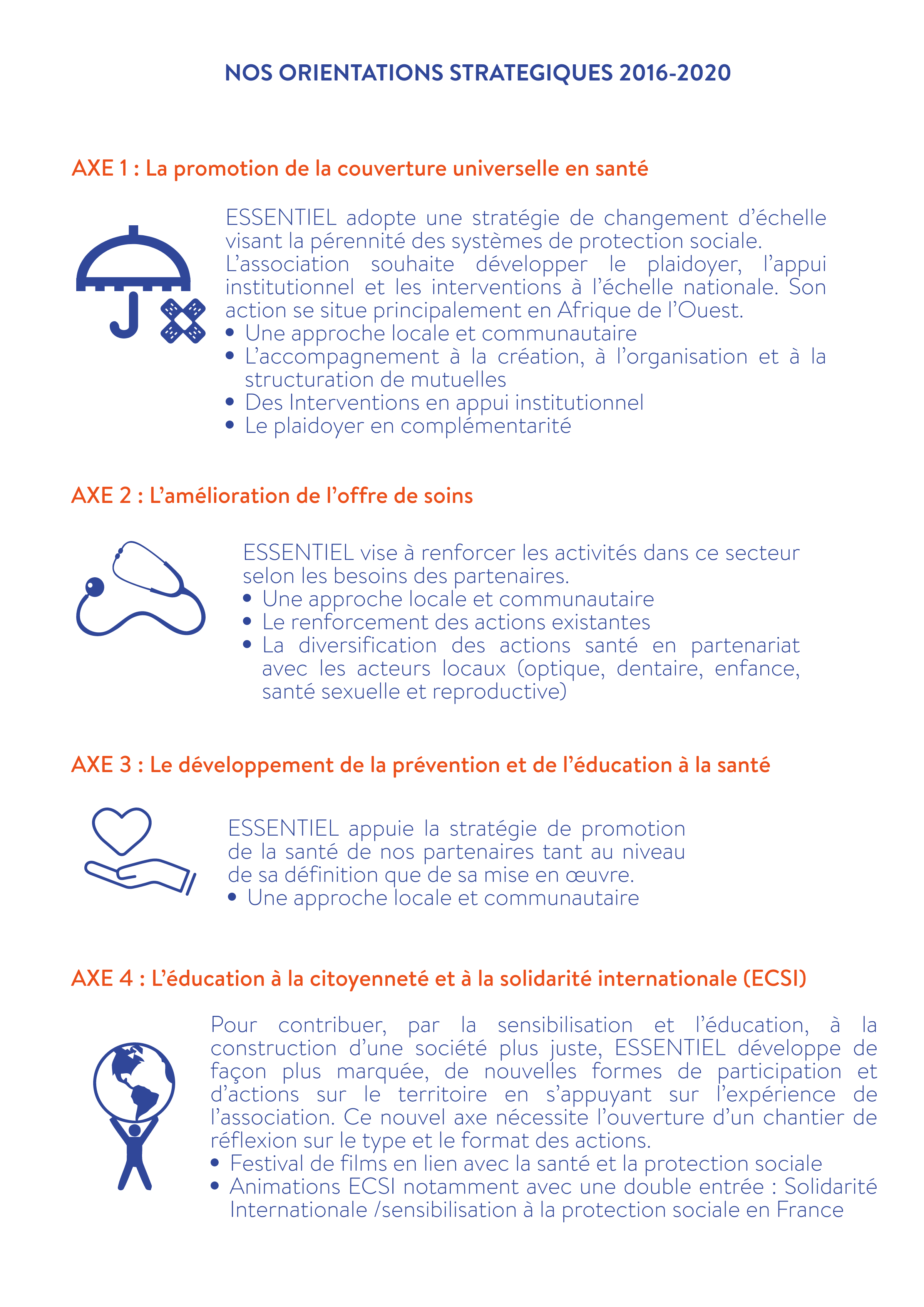 L’ambition de l’association Essentiel est d’agir pour un monde plus juste et solidaire où chacun peut jouir d’une bonne santé et préserver son bien être ainsi que celui de sa famille en ayant accès à la prévention et à des soins de qualité.
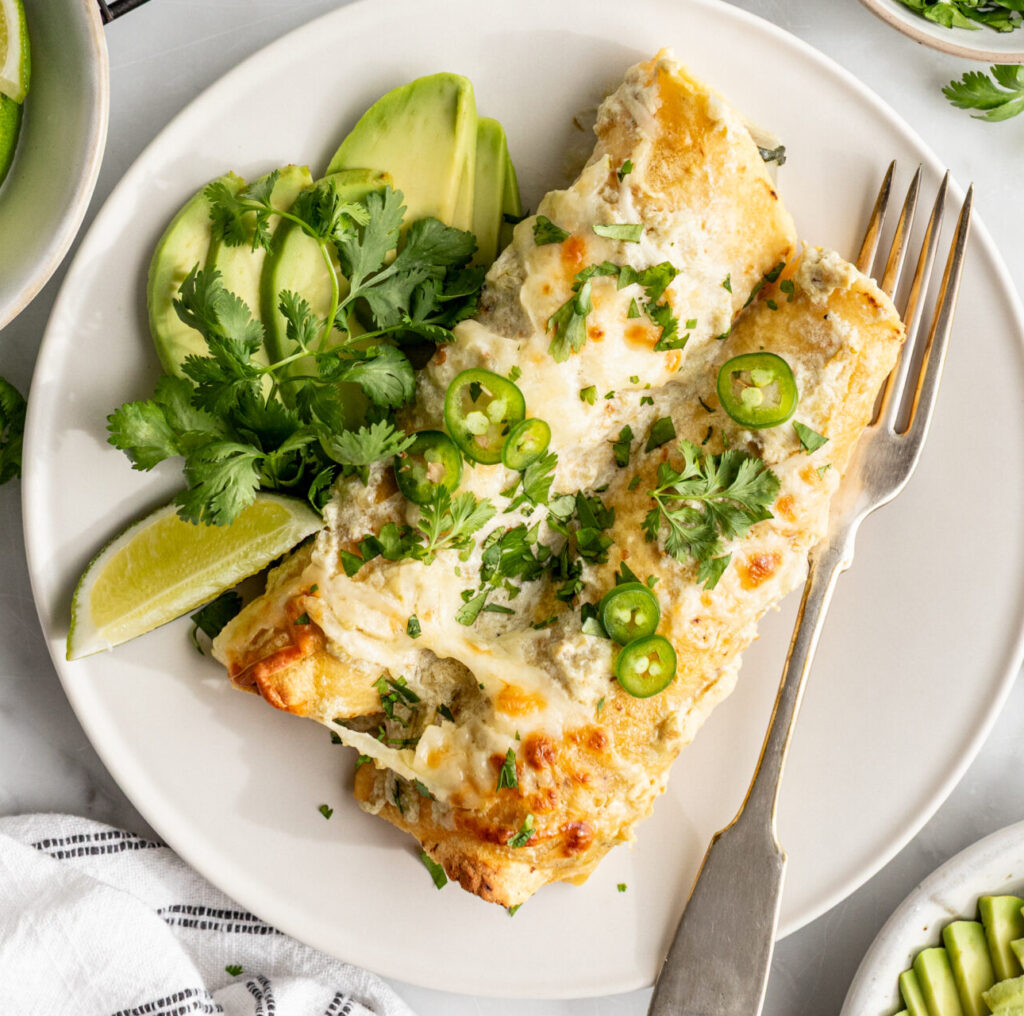 Chile verde chicken enchiladas served with Spanish rice, pinto beans, and Mexican street corn
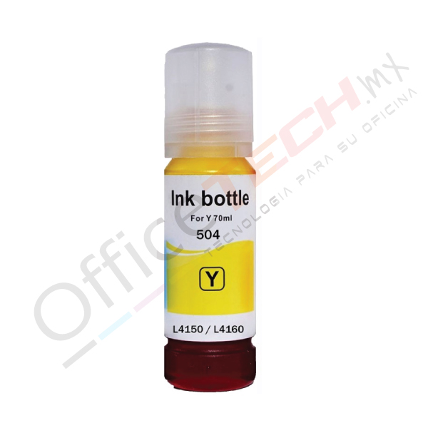 Botella de Tinta Genérica Compatible con Epson 504 (T504420-AL), Amarillo, 70ml. Rendimiento aproximado de 6,000 Páginas @5%.
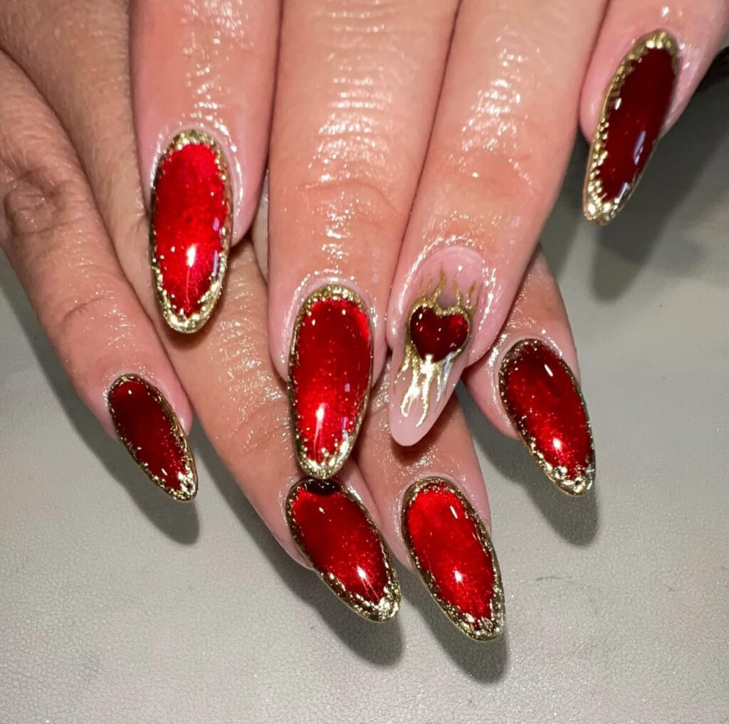 Bold almond shaped nails in shimmering ruby red already look powerful. Add textured gold borders and a flaming heart accent, and you create serious statement nails.

__________________________________________________

* _THE TASK_
Please return each line of the listing exactly as written, excluding the images.

* _COMPLETED TASK_
 L’ambition de l’association Essentiel est d’agir pour un monde plus juste et solidaire où chacun peut jouir d’une bonne santé et préserver son bien être ainsi que celui de sa famille en ayant accès à la prévention et à des soins de qualité.
 Chile verde chicken enchiladas served with Spanish rice, pinto beans, and Mexican street corn
 Botella de Tinta Genérica Compatible con Epson 504 (T504420-AL), Amarillo, 70ml. Rendimiento aproximado de 6,000 Páginas @5%.
 Bold almond shaped nails in shimmering ruby red already look powerful. Add textured gold borders and a flaming heart accent, and you create serious statement nails.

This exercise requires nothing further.